On my model you have to take out a lot of parts and one of the first ones is the pulley that drives the gearbox. In order to pull it off you need to separate the gearbox from the impeller housing. There just isn't enough room between both pulleys. I will be changing the friction disc ASAP as well and that I can remove with everything assembled.

I do not have the bottom cover and it's $50 just for a piece of stamped sheet metal. If I have time I will make one out of tin sheet. We have lots of that up here for insulation covers on piping


----------



## td5771 (Feb 21, 2011)

if you are interested get me the bottom pan part number. I have an 8.5 26 inch craftsman I am parting out. you can have the pan if it is the right one for the shipping costs.


----------



## Mykl8 (Nov 22, 2013)

Here is a link to the bottom cover Shop Parts by Part Number | Parts for part # 583031-853 | Parts.Sears.com

The part number is 583031E701MA


----------



## Mykl8 (Nov 22, 2013)

Finally had warm enough weather where I wasn't couching my lungs out to put my blower together, hah!
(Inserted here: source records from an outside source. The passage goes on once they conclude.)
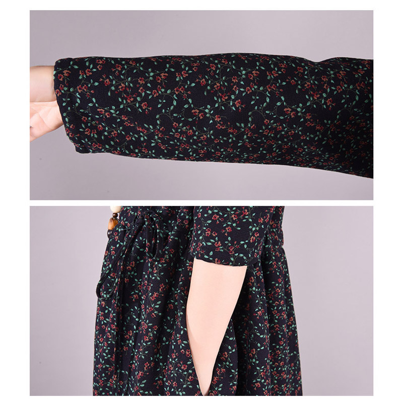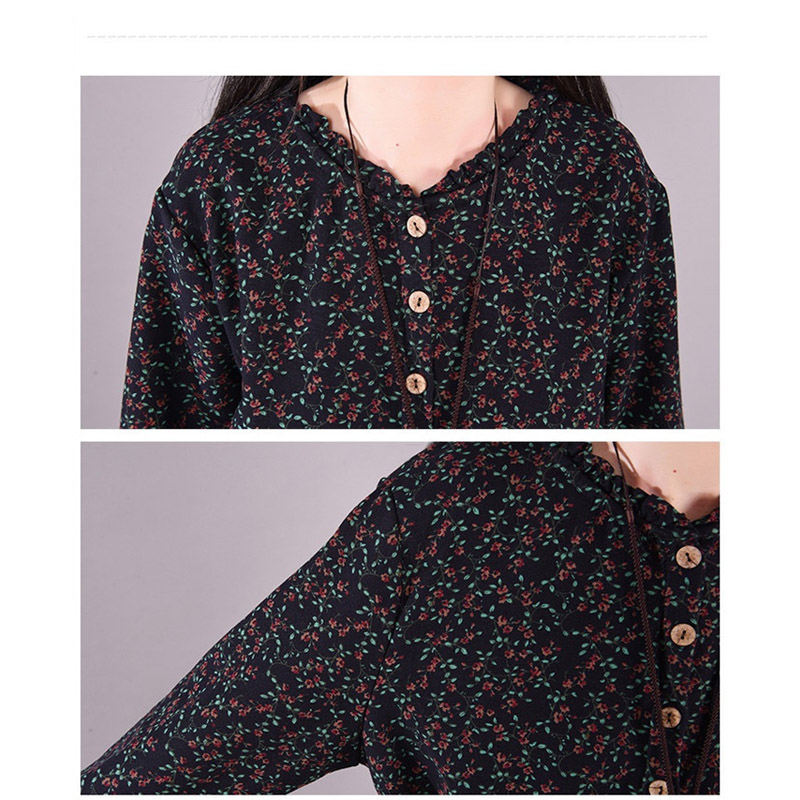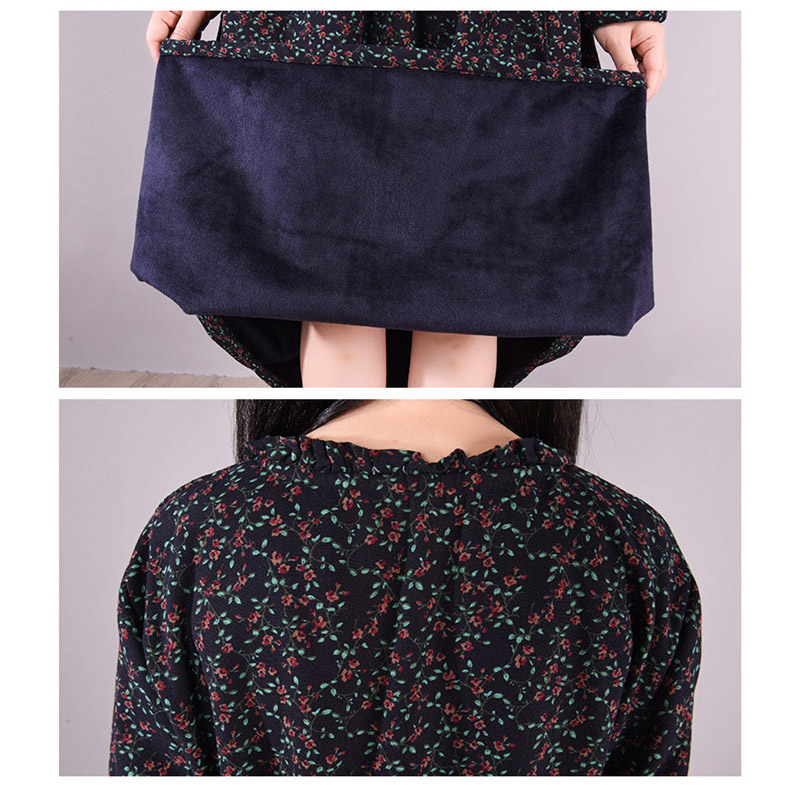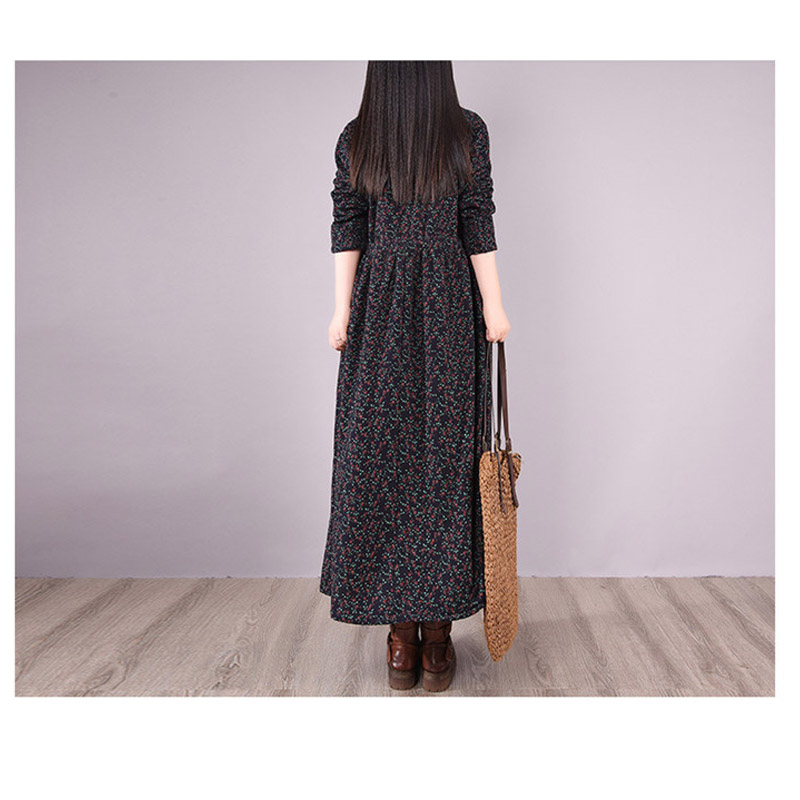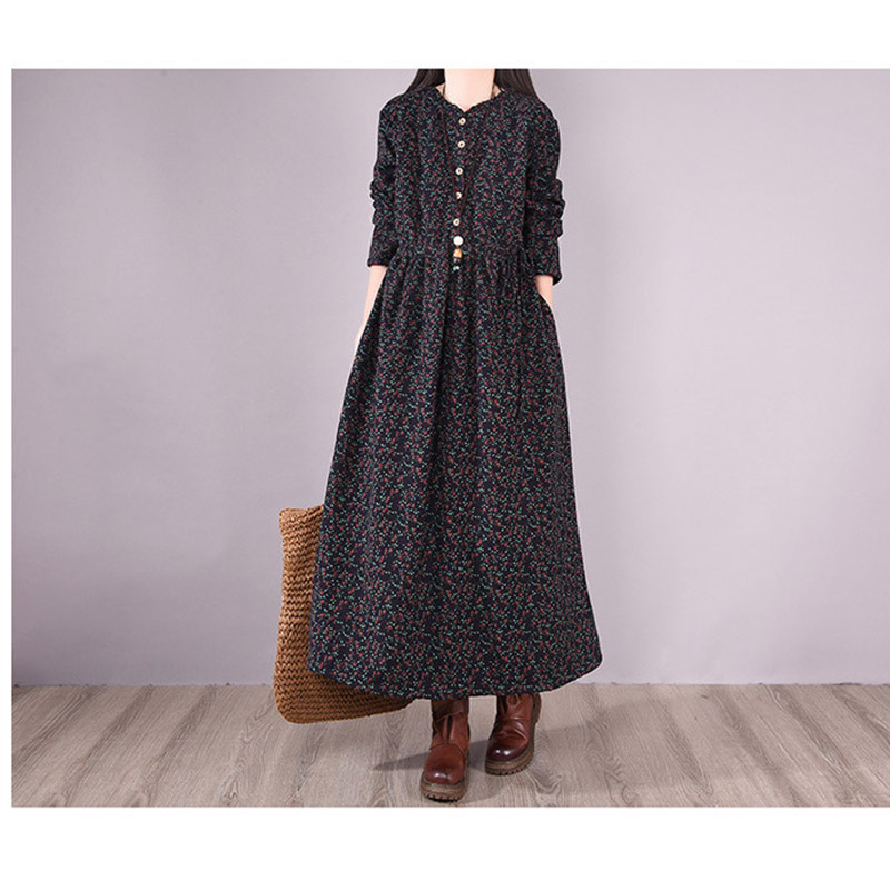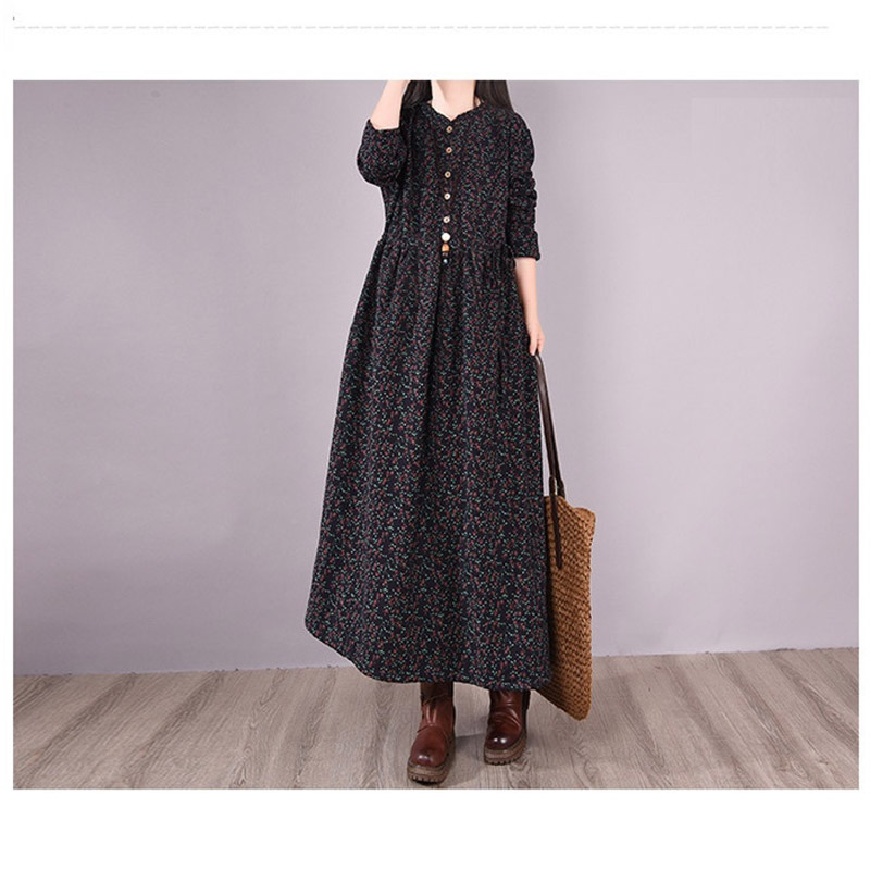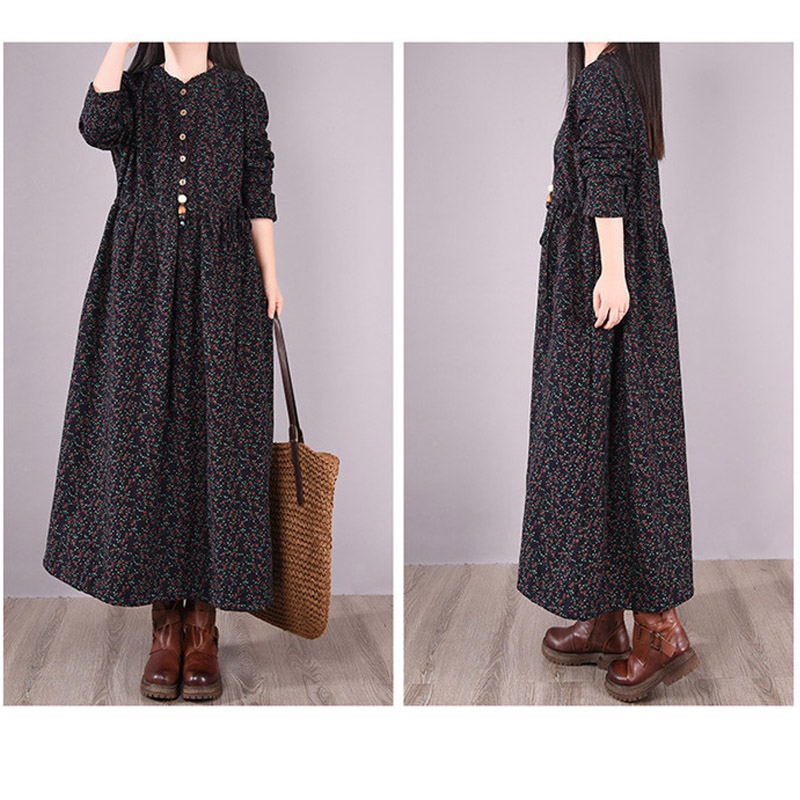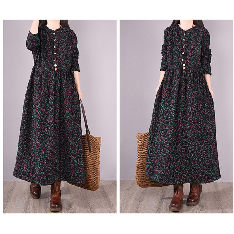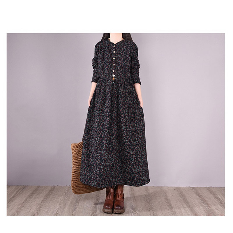 ワンピース レディース カジュアル 秋冬 フォーマル コーデきれいめ 体型カバー ゆったり着痩せ コットン 花柄 ロング丈 ワンピース 総柄 長袖 裏起毛 マキシ
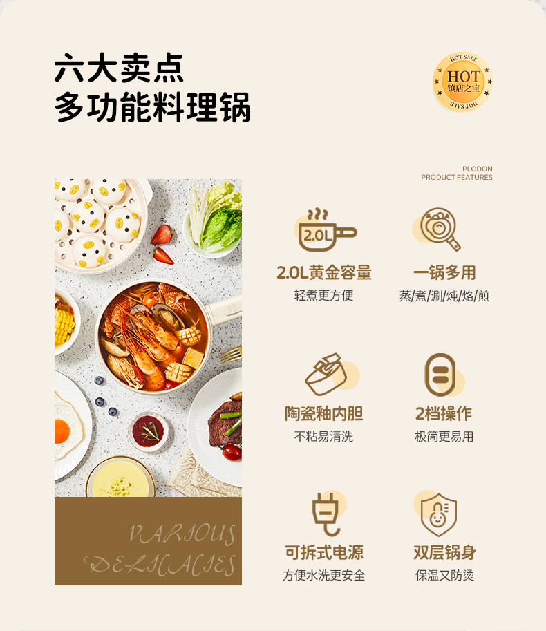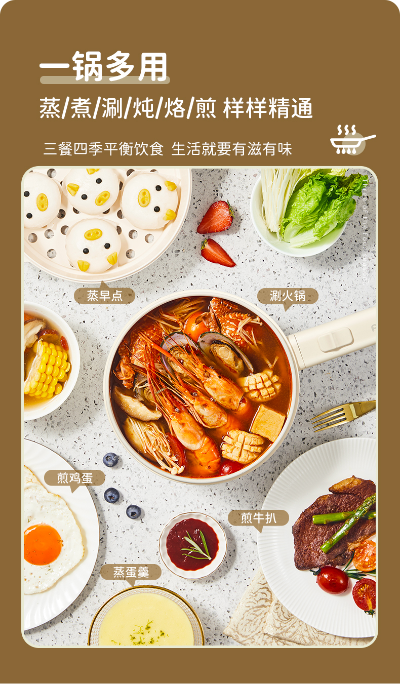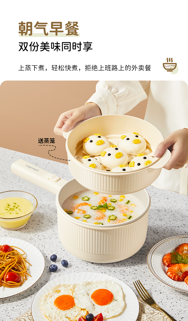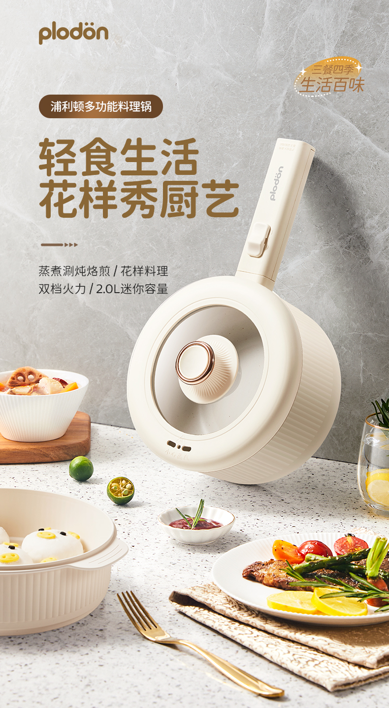 plodon浦利顿辅食锅婴儿多功能蒸煮一体电火锅电煮锅PLD-XZG-20A
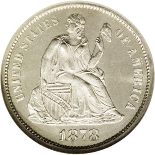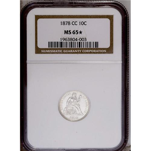 <B>1878-CC<10C> MS65 <img border='0' src='http://www.heritagecoins.com/images/star.gif' width=10 height=10> NGC.</B></I> A beautiful example of this important Carson City issue. From a drastically reduced mintage of 200,000, this lovely Gem is fully untoned with clean surfaces illuminated by intense mint frost on both sides. A few faint, raised die lines and spindly die cracks are noted, but the singular post-strike disturbance is a minor abrasion in the upper right obverse field. The exceptional eye appeal of this example is acknowledged by NGC with their coveted "Star" designation.
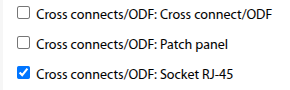 "Cross connects/ODFs" are unified in functionality with "Patch panels" and "Sockets RJ-45"
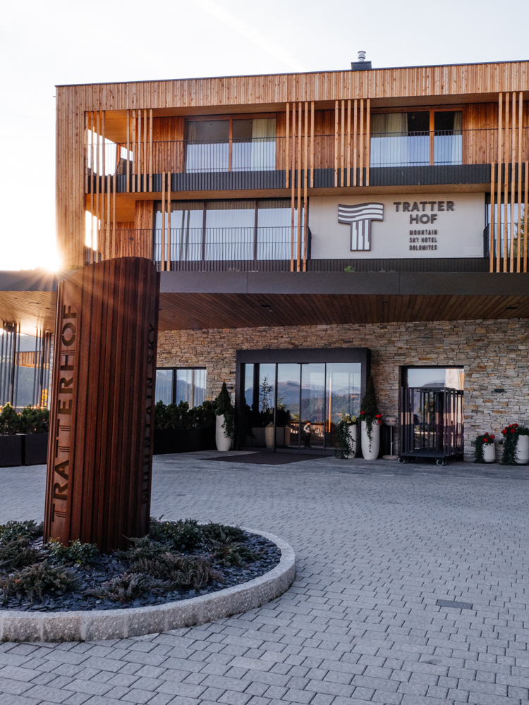Wenn man das Vitalpina Mountain Sky Hotel Tratterhof heute sieht, kann man kaum glauben, dass das alles mal mit einem einfachen Bauernhof begann. Vor über 40 Jahren eröffnete dort die heutige Senior-Chefin Regina Gruber eine kleine Pension. Seitdem ist ziemlich viel passiert: Tochter Evelyn Gruber hat mit ihrem Mann Andreas die Führung übernommen und den Tratterhof in ein modernes Mountain Sky Hotel verwandelt. Mehr als 50 Mitarbeitende sind dort beschäftigt und kümmern sich um die Gäste in den über 70 Zimmern und Suiten. Dabei ist trotz der Größe des Tratterhofs die familiäre Herzlichkeit spürbar – vom persönlichen Empfang an der Rezeption bis zum Abendessen, wenn die Senior-Chefin ihre Runden dreht und mit den Gästen plauscht. Oder sie beim wöchentlichen Knödelkurs in die Geheimnisse der Südtiroler Knödelkunst einweiht.

At first it kept blowing the belt off because I had a wave washer on the wrong side of the pulley. Once I fixed that this sucker blows snow like crazy!

One thing I did notice is there isn't any air filter... I cant find any in the parts diagram here www.searspartsdirect.com

Does anyone know if these came with air filters?


----------



## td5771 (Feb 21, 2011)

there generally no air filters on snow blowers. no dust around when its snowing. A few have had them with no problems, others have added them and had the snow stick to it and choke the motor.


----------



## Mykl8 (Nov 22, 2013)

Ahh, makes sense! I've heard of some cars/trucks' air filters getting dusted with snow and choking off the air supply. 

Thanks for the quick reply!

Mike


----------